━━━ Data supplied

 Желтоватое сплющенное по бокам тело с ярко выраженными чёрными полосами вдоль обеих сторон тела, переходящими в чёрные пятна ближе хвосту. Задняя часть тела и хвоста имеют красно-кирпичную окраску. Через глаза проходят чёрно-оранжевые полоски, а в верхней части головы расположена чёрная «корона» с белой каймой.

━━━━━━
━━━ Data supplied

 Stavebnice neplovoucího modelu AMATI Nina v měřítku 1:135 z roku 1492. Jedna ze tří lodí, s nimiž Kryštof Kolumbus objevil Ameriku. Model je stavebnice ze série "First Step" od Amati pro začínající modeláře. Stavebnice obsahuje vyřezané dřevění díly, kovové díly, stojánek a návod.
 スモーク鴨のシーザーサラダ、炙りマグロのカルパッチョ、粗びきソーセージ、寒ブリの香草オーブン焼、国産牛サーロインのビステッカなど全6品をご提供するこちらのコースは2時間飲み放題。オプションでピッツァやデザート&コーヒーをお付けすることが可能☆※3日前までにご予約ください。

━━━━━━

• Exercise:
Could you repeat exactly the lines above from the line with "Stavebnice neplovoucího modelu" up to and including the line with "スモーク鴨のシーザーサラダ、", and only those?

• Worked solution:
 Stavebnice neplovoucího modelu AMATI Nina v měřítku 1:135 z roku 1492. Jedna ze tří lodí, s nimiž Kryštof Kolumbus objevil Ameriku. Model je stavebnice ze série "First Step" od Amati pro začínající modeláře. Stavebnice obsahuje vyřezané dřevění díly, kovové díly, stojánek a návod.
 スモーク鴨のシーザーサラダ、炙りマグロのカルパッチョ、粗びきソーセージ、寒ブリの香草オーブン焼、国産牛サーロインのビステッカなど全6品をご提供するこちらのコースは2時間飲み放題。オプションでピッツァやデザート&コーヒーをお付けすることが可能☆※3日前までにご予約ください。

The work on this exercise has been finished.